用土を水で洗い流して、根の状態を確認します。四方八方に根が伸びています。根元が少し太くなり、根張りに期待できます。
取り木のメリットは、根張りにあります。まっすぐ下に伸びた根がなく、八方に細い根が伸びて、根元が太くなるので、短期間でよい根張りができます。
切り口は、そのままにして植え付けました。根がもっとたくさん増えてから植え替えのときに、キレイに切り取ります。
小さな鉢植えにしたいので、4号(直径12センチ)の鉢に植え付けました。
用土を入れます。
竹串で用土に隙間ができないようにします。
たっぷり水遣りをして、植え付けできました。
藤は、葉が長く伸びるので風が強く吹くと、植え付けたばかりの幹が動きます。幹が動くと根がしっかり張ることができません。
麻ひもを使って、幹を鉢に固定します。
十字に鉢に結び付けて、幹が動かないように固定します。
まだ8月10日なので、秋に根が成長して増えます。
親木の先端を取り木したので、樹高が低くなり、コンパクトな藤の鉢植えになりました。鉢の大きさとバランスがよいです。

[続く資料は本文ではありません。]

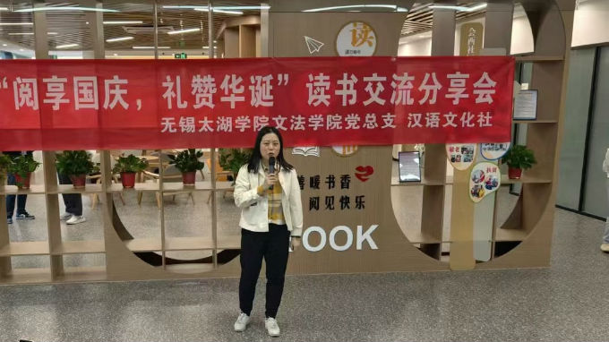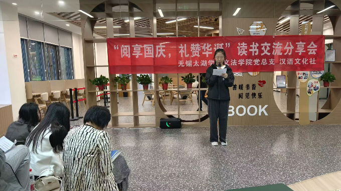 为庆祝中华人民共和国成立75周年,营造学院良好的阅读氛围,无锡太湖学院文法学院党总支于10月22日下午在无锡市少年宫城北教学点顺利举办“阅享国庆,礼赞华诞”主题党日活动。本次活动由党总支宣传委员阮菲同志作为活动嘉宾,学生党支部书记钱紫云、文法学院团总支书记蒋晓璐、汉语言文学系陈原副主任、学生党员代表及汉语文化社社员共同参与了本次活动。活动围绕分享《人类的群星闪耀时》这本书的阅读感悟展开。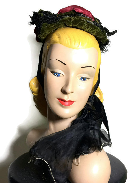 Green Velvet and Silk Beaded & Floral Topped Bonnet circa Late 1800s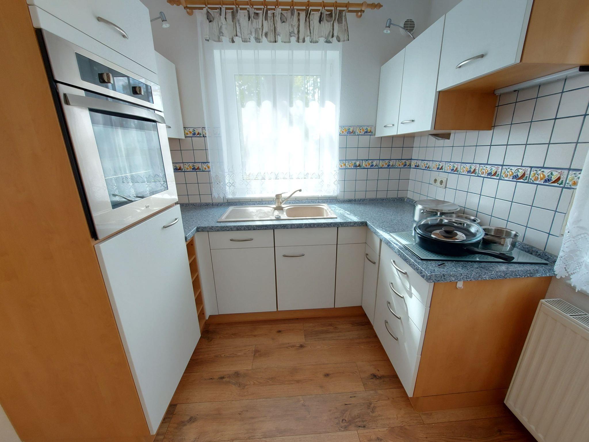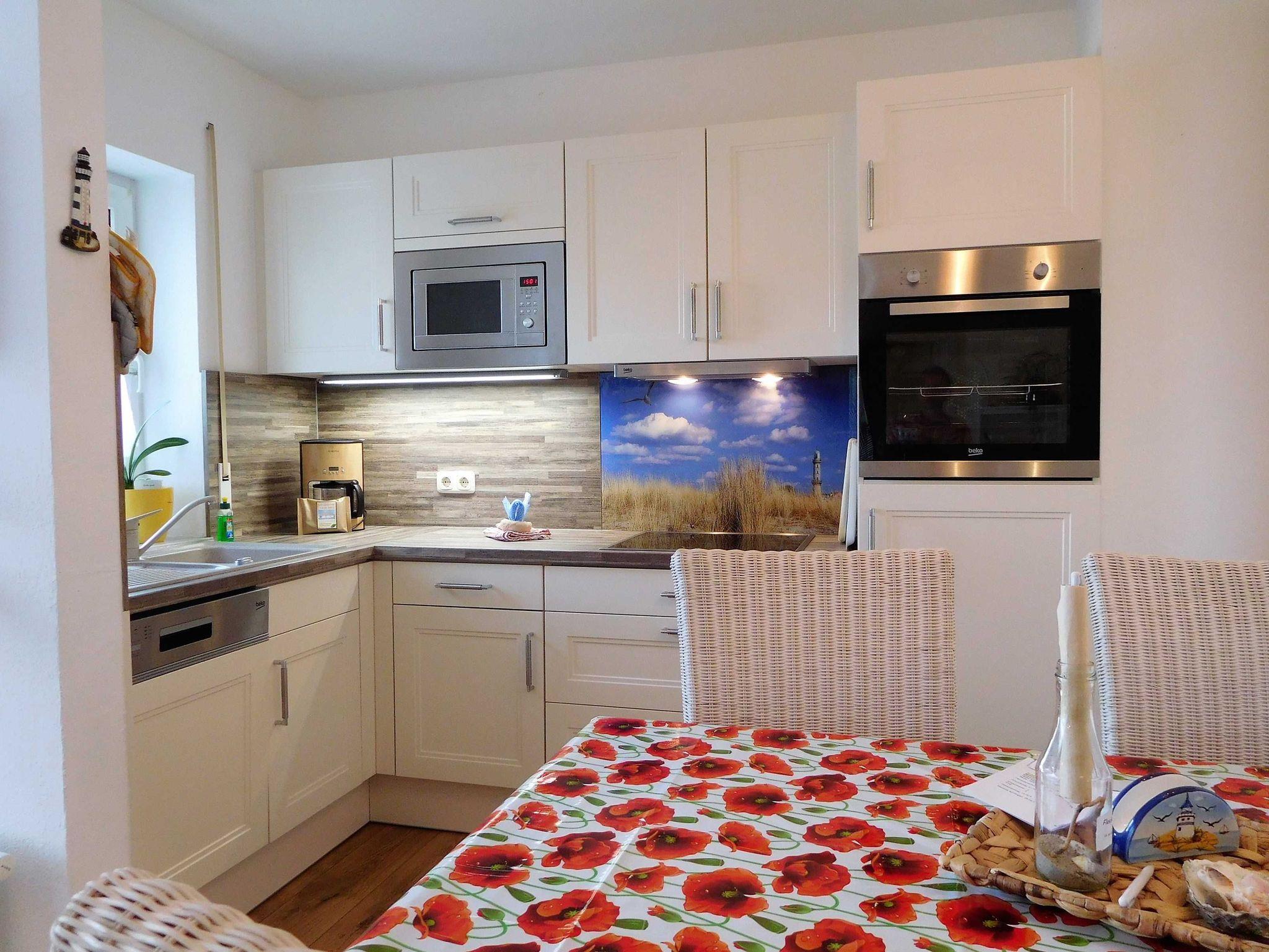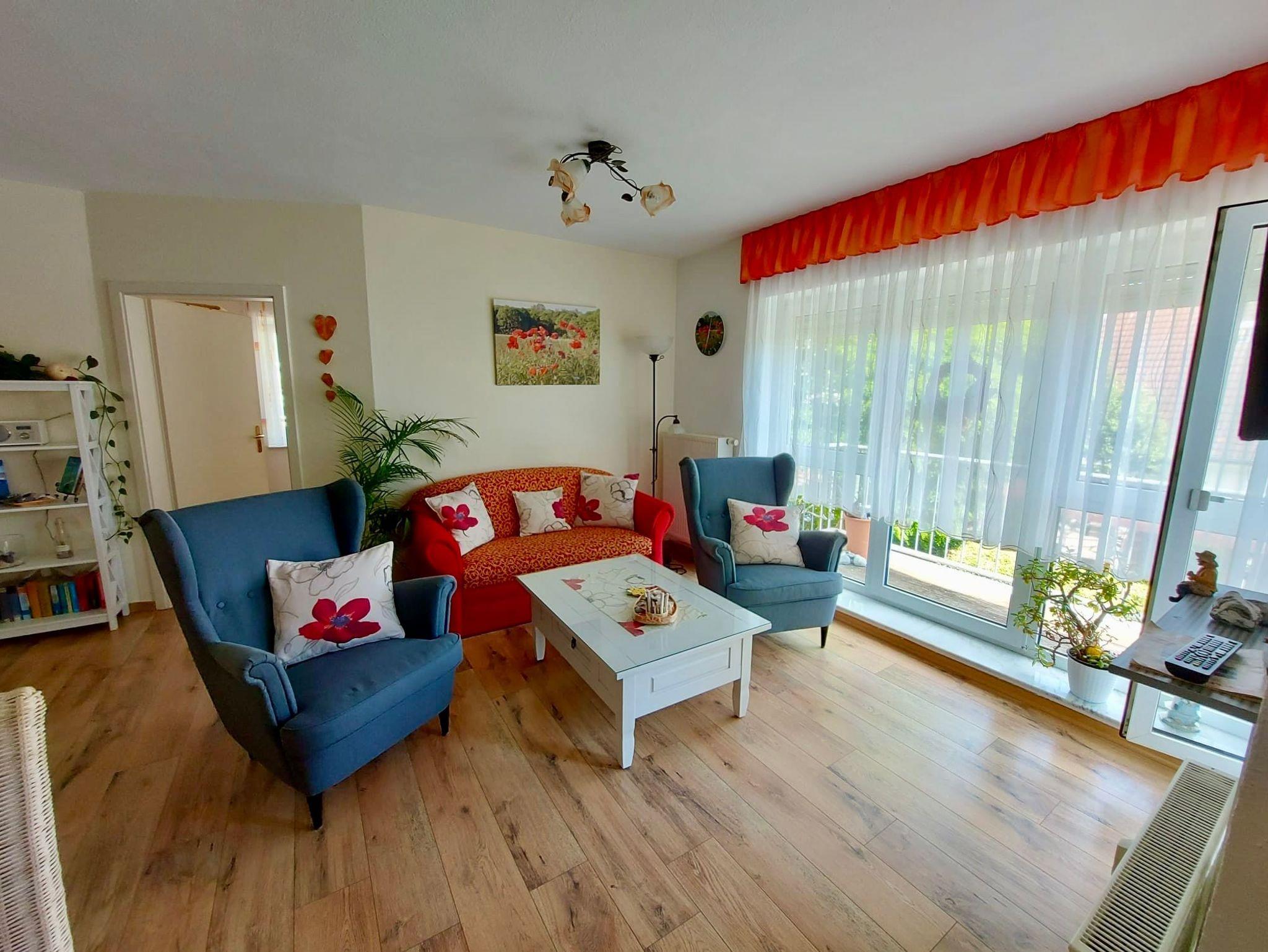 Diese Komfort-Ferienwohnung befindet sich in bevorzugter Lage am Hochufer im ersten Stock eines gepflegten Apartmenthauses in ruhiger Lage aber sehr Zentral. Sie verfügt über einen großen lichtdurchfluteten Wohnraum mit 2 gemütlichen Sofas, Sessel und Hocker die zum Sat.- Fernsehen oder zum Musikhören einladen,oder gehen sie von hier auf den Balkon mit schönen Holzmöbeln und Sonnenschirm und geniessen zb. leckeren Fisch den sie gerade am Hafen direkt vom Fischer geholt haben und in der kompletten Einbauküche mit allem Komfort , wie Geschirrspüler,Mikrowelle,Ceranfeld,Kühl-Gefrierkombi usw mit Freude zubereiten können.Angrenzend ist der Esstisch mit 4 gemütlichen Stühlen..Die Nacht geniessen sie im grosszügigen Schlafzimmer mit neuem Designerboxspringdoppelbett und 2. Balkon und im zweiten Schlafzimmer mit 2 Einzelbetten.Im Bad erwartet sie zum Entspannen eine Wanne. Auch ihr Auto hat einen eigenen PKW-Stellplatz auf dem Hof.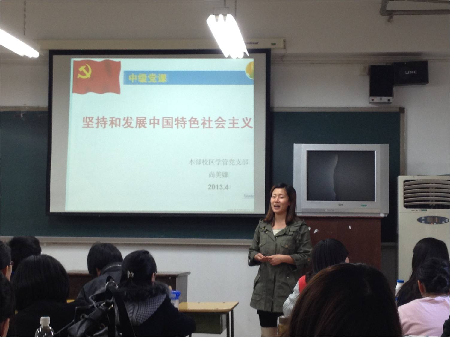 近日,语言党支部于校本部一教601教室组织本学期第三次中级党课学习,主题为《坚持和发展中国特色社会主义》,由本部校区学管党支部组织委员尚美娜老师主讲。学生党员、预备党员和入党积极分子参加了本次党课学习。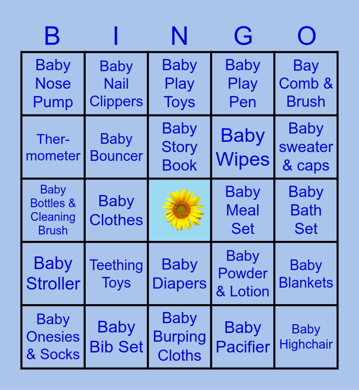 This bingo card has a free space and 24 words: Teething Toys, Baby Bib Set, Baby Story Book, Baby Onesies & Socks, Bay Comb & Brush, Baby Nose Pump, Ther- mometer, Baby Nail Clippers, Baby Meal Set, Baby Diapers, Baby Wipes, Baby Bottles & Cleaning Brush, Baby Powder & Lotion, Baby Blankets, Baby Bouncer, Baby Pacifier, Baby Bath Set, Baby Play Toys, Baby sweater & caps, Baby Clothes, Baby Highchair, Baby Stroller, Baby Play Pen and Baby Burping Cloths.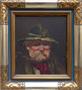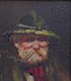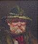 Olej na kartonu 27 cm x 24 cm. Nesignováno. Krakelová malba (technika efektního popraskaného vzhledu) portrétu vousatého tuláka v pomačkaném klobouku s hořícím cigárem v ústech. V profilovaném stříbrném rámu s florálními motivy na zlatavém pozadí v rozích a vnitřní zlatou lištou ohraničenou šedomodrou barvou. Střední Evropa 1920 - 1940. Celkový rozměr s rámem 39,5 cm x 36,5 cm.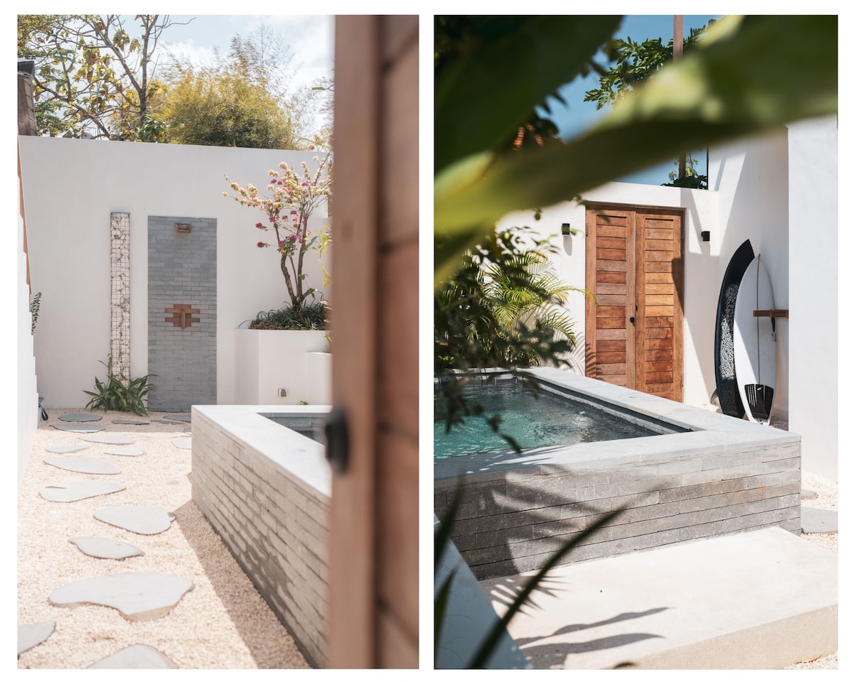 Entra en una villa de diseño en Bingin donde cada detalle invita a sentirse como en casa. Un espacio que combina confort y diseño para una estancia cálida y única. Diseñada con mimo, cada rincón invita a disfrutar. Perfecta para parejas que buscan una experiencia especial en Bali. Ideal para relajarse y disfrutar la isla a tu ritmo ✔ Dormitorio confortable ✔ Salón abierto ✔ Cocina equipada ✔ Jardín (piscina, tumbonas y ducha) ✔ Wi-Fi de alta velocidad ✔ Espacio de trabajo ✔ Smart TV ✔ Parking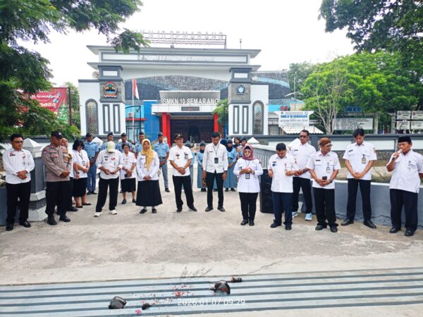 SEMARANG — SMK Negeri 10 Semarang melaksanakan upacara bendera pada hari pertama masuk semester genap tahun pelajaran 2025/2026, Senin, 5 Januari 2026. Kegiatan ini dilaksanakan di halaman sekolah dan diikuti..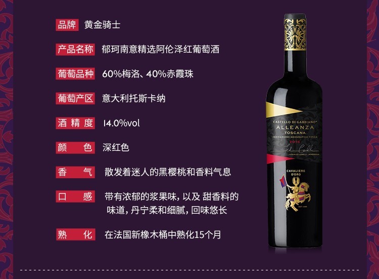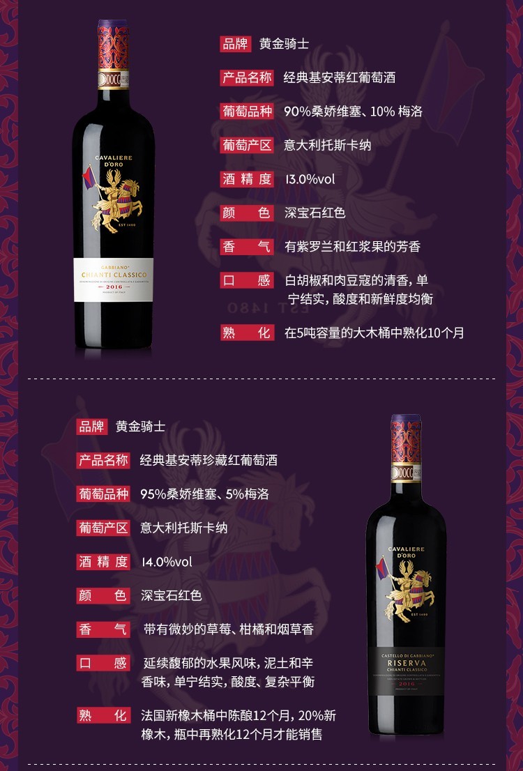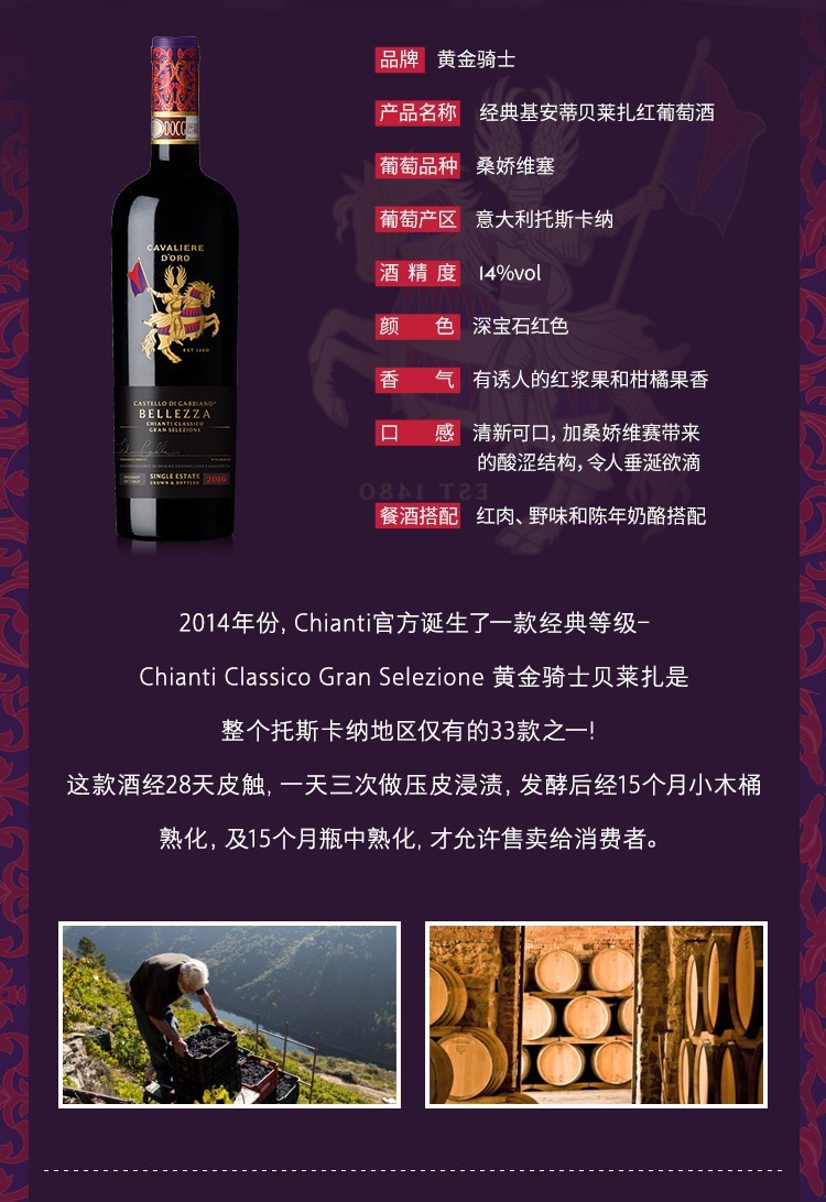 黄金骑士经典基安蒂珍藏红葡萄酒750ml Cavaliere d'Oro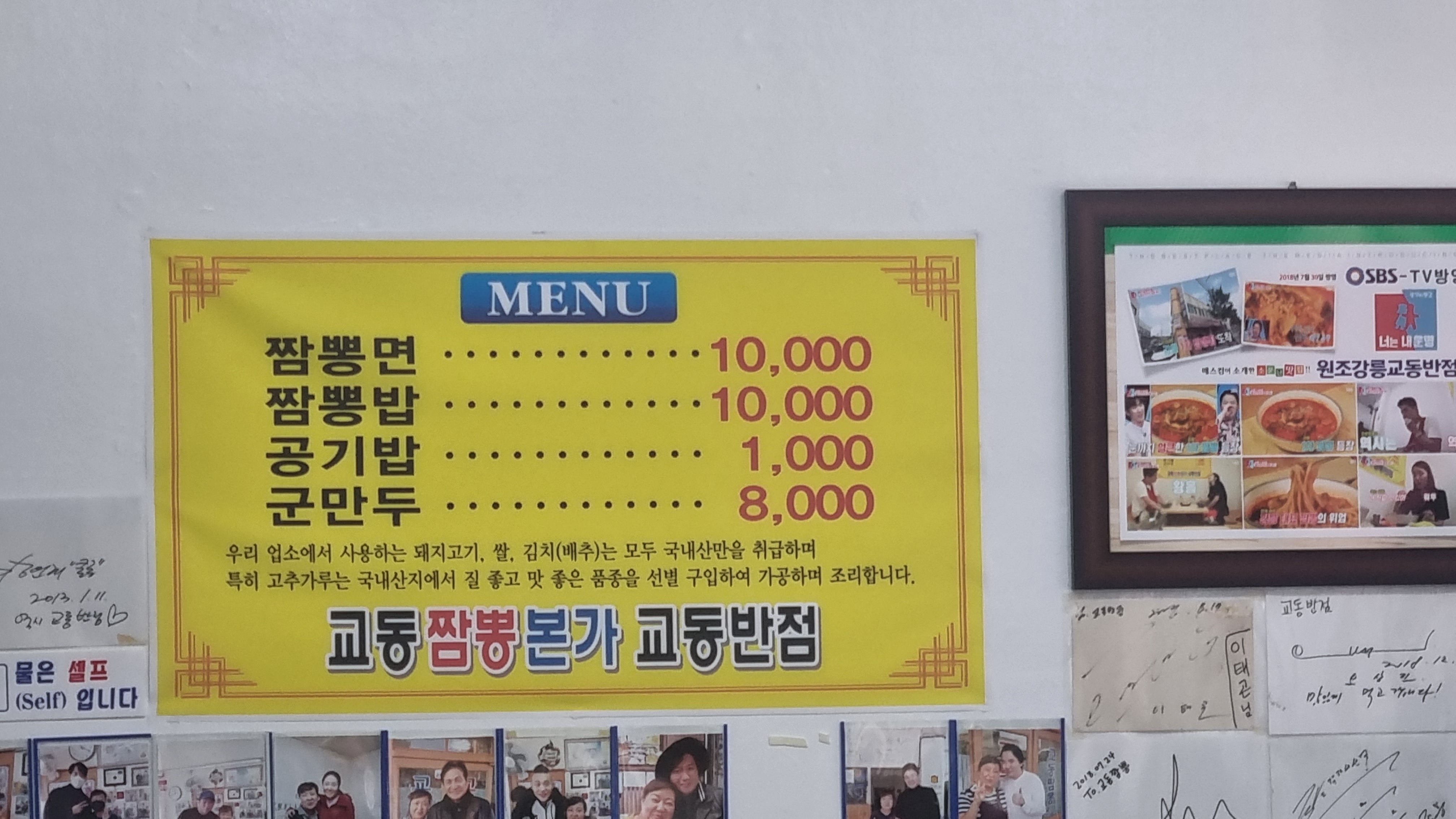 교동 짬뽕 본점 메뉴 가격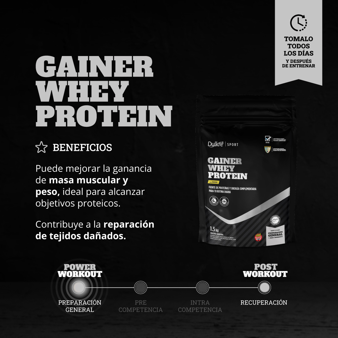 Gainer Whey Protein Puede contribuir a mejorar la ganancia de masa muscular y peso en deportistas que tengan altas demandas energéticas. Contribuye a la recuperación del glucógeno muscular y la reparación de tejidos dañados por el estímulo deportivo gracias a su aporte conjunto de hidratos de carbono y proteínas de alto valor biológico. Pure Creatine Aumenta los niveles basales de las reservas de fosfocreatina. Contribuye a mejorar el rendimiento deportivo. Puede mejorar la ganancia de fuerza y de masa muscular.

新しい小さな藤の鉢植えができ、親木もよい樹形になったので、取り木は大成功です。
取り木で作った小さな藤の鉢植えは、秋は順調に栽培でき、冬に落葉しました。トラブルがなく、順調に栽培できていたため、写真を撮影することを忘れていました。
藤の取り木の開花
4月2日撮影。暖かくなり、取り木で作った藤の小さな鉢植えにつぼみが伸びています。藤を取り木して、小さな鉢植えを作ることに成功しました。花も短くなり、コンパクトな鉢植えで藤の美しい花を楽しめることができます。
大きく成長した藤は、剪定が必要になりますが、取り木をすることで親木の剪定ができ、小さな鉢植えができますので、取り木はメリットが大きいです。
小さな鉢植えの藤は、盆栽に仕立てるように根元を太くして、剪定をして大きくならないように管理します。
藤の美しい花を小さな鉢植えで楽しみましょう。